Hi,
I’m trying to include subject dependent effects for a categorical predictor (5 levels) in an ordinal probit model using brms. The model results in convergence issues and bad pareto k diagnostic values.
The model includes 4 categorical predictors in total where two of them (A and G) contains gender coding (one for the participant and one for the stimuli). C contains country (5) and T has 3 levels.
The predictors has a small to medium effect which I believe the prior reflects.
Below are the model that works (fit2) and the model that results in issues (fit3).

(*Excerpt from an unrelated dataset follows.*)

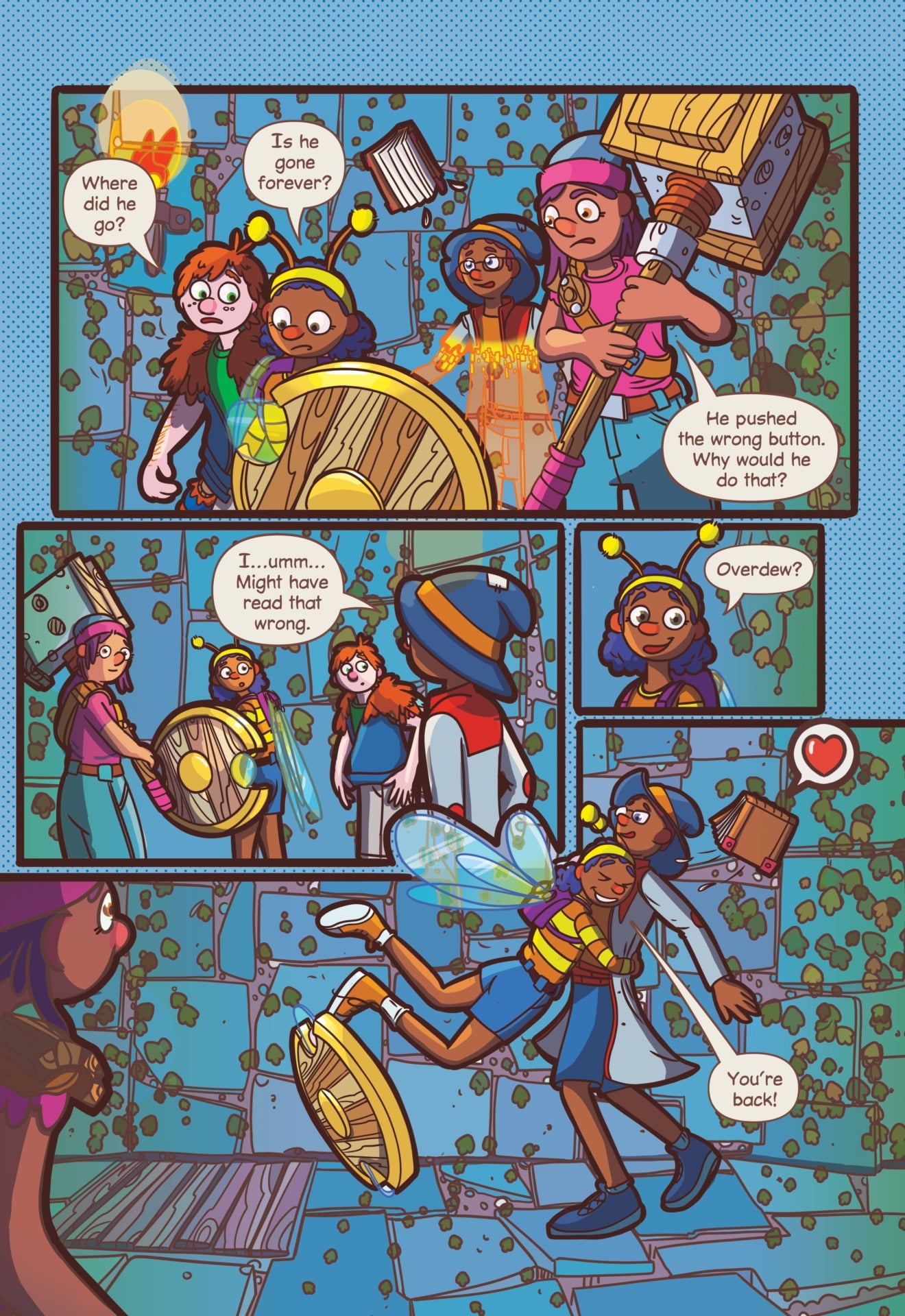 My Video Game Ate My Homework creator Dustin Hansen taps into decades of experience working on games like The Sims, Madden football, and EA’s kid-friendly Street Sports series in crafting this grand comic book adventure. He also taps into his personal experience as a young teen with dyslexia. Dewey struggles with the learning disorder and must overcome his self-esteem and confidence issues.

fit2priors <- c(prior(normal(-1.07, 1), class = Intercept, coef = 1),
prior(normal(-0.57, 1), class = Intercept, coef = 2),
prior(normal(-0.18, 1), class = Intercept, coef = 3),
prior(normal( 0.18, 1), class = Intercept, coef = 4),
prior(normal( 0.57, 1), class = Intercept, coef = 5),
prior(normal( 1.07, 1), class = Intercept, coef = 6),
prior(normal( 0, 0.25 ), class = b),
prior(exponential(1) , class = sd),
prior(normal(0, log(2) / 2), class = b, dpar = disc))
fit2 <- brm(
formula = bf(Y ~ 1 + C*T + G*A + (1 | id) + (1 | Item)) +
lf(disc ~ 0 + C + T, cmc = FALSE),
data = result,
family = cumulative("probit"),
prior = fit2priors,
warmup = 3000, iter = 16000,
chains = 4, cores = nCores,
seed = 5476,
control = list(adapt_delta = .99),
init_r = 0.2
)
fit3priors = c(prior(normal(-1.07, 1), class = Intercept, coef = 1),
prior(normal(-0.57, 1), class = Intercept, coef = 2),
prior(normal(-0.18, 1), class = Intercept, coef = 3),
prior(normal( 0.18, 1), class = Intercept, coef = 4),
prior(normal( 0.57, 1), class = Intercept, coef = 5),
prior(normal( 1.07, 1), class = Intercept, coef = 6),
prior(normal( 0, 0.25 ), class = b),
prior(exponential(1) , class = sd, group = id),
prior(exponential(1) , class = sd, group = Item),
prior(lkj_corr_cholesky (2), class = cor),
prior(normal(0, log(2) / 2), class = b, dpar = disc))
fit3 <- brm(
formula = bf(Y ~ 1 + C*T + G*A + (1 + C | id) + (1 | Item)) +
lf(disc ~ 0 + C + T, cmc = FALSE),
data = result,
family = cumulative("probit"),
prior = fit3priors,
warmup = 3000, iter = 16000,
chains = 4, cores = nCores,
seed = 5476,
control = list(adapt_delta = .99),
init_r = 0.2
Any recommendations in regard to priors and or model specification?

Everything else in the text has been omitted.